Während er, das Mädchen in den Armen tragend, durch die engen Gassen gelaufen war, um an das Ende der Stadt zu gelangen, hatte er den Dhoti in einer Seitenstraße, mitten auf dem Weg liegend, gefunden. Vielleicht war er einem Flüchtenden entrissen worden oder jemand hatte ihn sogar bewusst von seinen Hüften gelöst und fallengelassen, um ungehindert und schneller laufen zu können. Abrupt hatte er innegehalten und nervös nach links und rechts geschaut. Doch niemand war weit und breit zu sehen gewesen. Er hatte das Mädchen mit seinem rechten Arm fest an sich gedrückt, seine Hand ihren kleinen Kopf haltend, hatte sich dann rasch gebückt und den Dhoti schnell mit der anderen Hand aufgehoben. Nachdem er sich wieder aufgerichtet hatte, brauchte er ein paar Sekunden, um wieder sein Gleichgewicht und einen festen Stand zu erlangen. Mit der linken Hand hatte er den Dhoti fest an sie gedrückt und war dann weiter gerannt. Er war so lange gerannt, bis sie die Ausläufer der Stadt erreicht hatten. Er hatte sich gewundert, dass sie während des gesamten Weges keiner einzigen Person begegnet waren. Entweder hatte man schlicht vergessen, diesen Bezirk abzuriegeln, oder man hatte die Blockaden bereits aufgelöst. Er hatte sich gefragt, ob die Bewohner des Viertels rechtzeitig geflüchtet waren oder gewaltsam vertrieben wurden. Die Gassen waren menschenleer gewesen und auch durch die Fenster der niedrigen Häuser hatte er niemanden ausmachen können. Als sie eine kleine Gasse gekreuzt hatten, kurz bevor er die grüne Anhöhe mit der kleinen Hütte erblickte, hatte er jedoch einige hundert Meter enttfernt eine Gruppe von vier Männern in kurzen, khakifarbenen Hosen ausgemacht, Säbel und Speere bei sich tragend. Sie hatten in die entgegengesetzte Richtung geschaut und sie so nicht bemerkt. Schnell war er weitergelaufen, bis sie die Hütte erreicht hatten.

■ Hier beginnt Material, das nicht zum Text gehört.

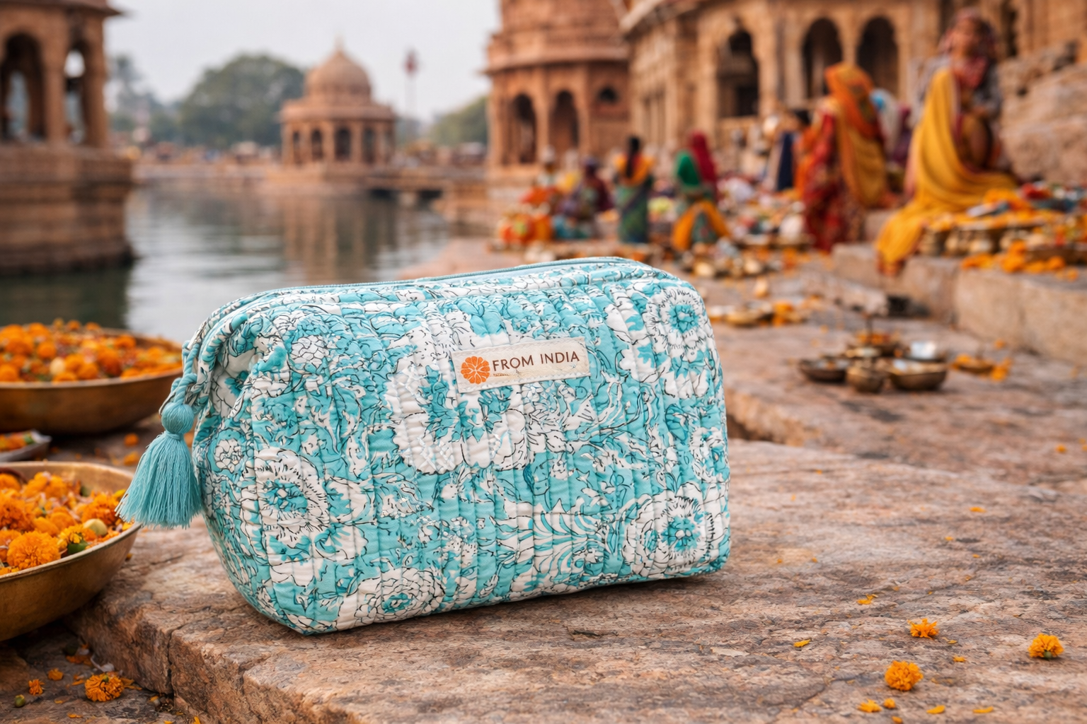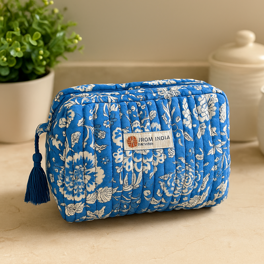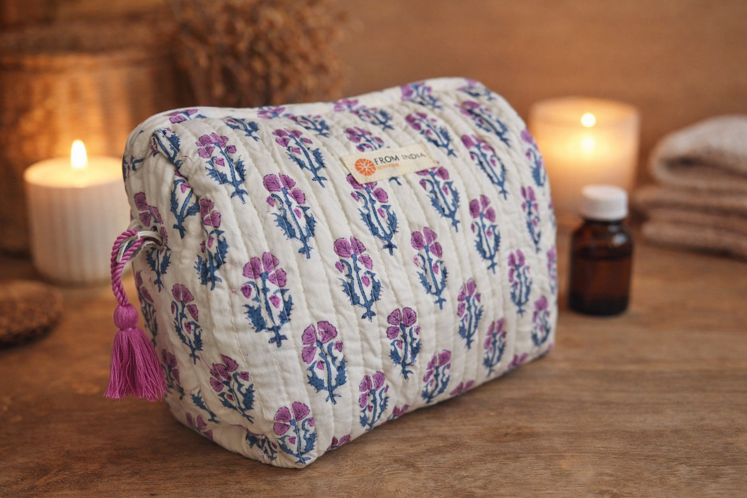 Apportez une touche artisanale et colorée à votre quotidien avec notre trousse de toilette en tissu coton blockprint, imprimée à la main selon une technique traditionnelle indienne. Compacte et élégante, elle est idéale pour vos produits de beauté, essentiels de voyage ou accessoires du quotidien.
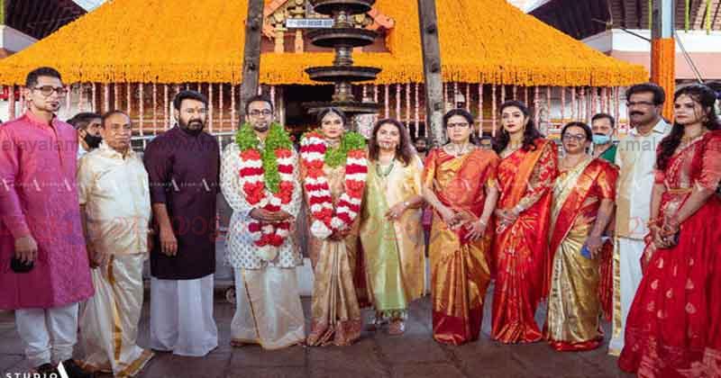 രവി പിള്ളയുടെ മകൻ ഗണേഷിന്റേയും അഞ്ജനയുടേയും വിവാഹത്തിന് ആശംസകൾ നേരാൻ മോഹൻലാലും ഭാര്യ സുചിത്രയും നേരിട്ടെത്തുകയായിരുന്നു. ഗുരുവായൂർ അമ്പലത്തിൽ വച്ചാണ് വിവാഹ ചടങ്ങുകൾ നടന്നത്. മോഹൻലാൽ അതിരാവിലെ തന്നെ എത്തി ക്ഷേത്ര ദർശനം നടത്തിയിരുന്നു.

Er schaute sie weiter an. Sie hatte die Stirn erneut in Falten gelegt und atmete nun heftiger, als ob sie in ihren Träumen mit etwas zu kämpfen hätte. Doch kurz darauf entspannten sich ihre Züge abermals. Er wünschte, er könne etwas tun, ihr helfen das Erlebte abzuschütteln und ihr so ihre unschuldige Kindheit zurückzugeben. Er bemerkte, dass einige Strähnen ihres dunklen Haares vom Blut ganz verklebt und mittlerweile verkrustet waren und machte sich Vorwürfe, dass er ihr vor dem Schlafengehen nicht noch etwas Wasser besorgt hatte, damit sie sich wenigstens notdürftig hätte säubern können. Vielleicht hätte man alles abwaschen können. Vielleicht wäre das Erlebte in dunklen Strömen vermischt mit dem schwarzen Blut aus ihrem Haar ihren kleinen Körper hinabgeflossen und schließlich im festgetretenen Lehmboden versickert. Wieder legte sie die Stirn in Falten, kniff wie verängstigt die Augen zusammen und öffnete diese dann langsam zu schmalen Schlitzen. „Mama, Papa?“, fragte sie noch halb im Schlaf verweilend, doch die Realität bereits erahnend, ihre Züge mit Zweifel behaftet. „Wir sind hier, meine Kleine“, log er, strich ihr zärtlich über die Wange und legte schließlich seine Hand auf die ihre. Sie schien etwas zu lächeln, ihr Gesicht nahm wieder einen gelösten Ausdruck an, sie schloss die Augen und war kurz darauf wieder eingedämmert. Seine Hand lag immer noch auf der ihren. Tränen stiegen ihm in die Augen.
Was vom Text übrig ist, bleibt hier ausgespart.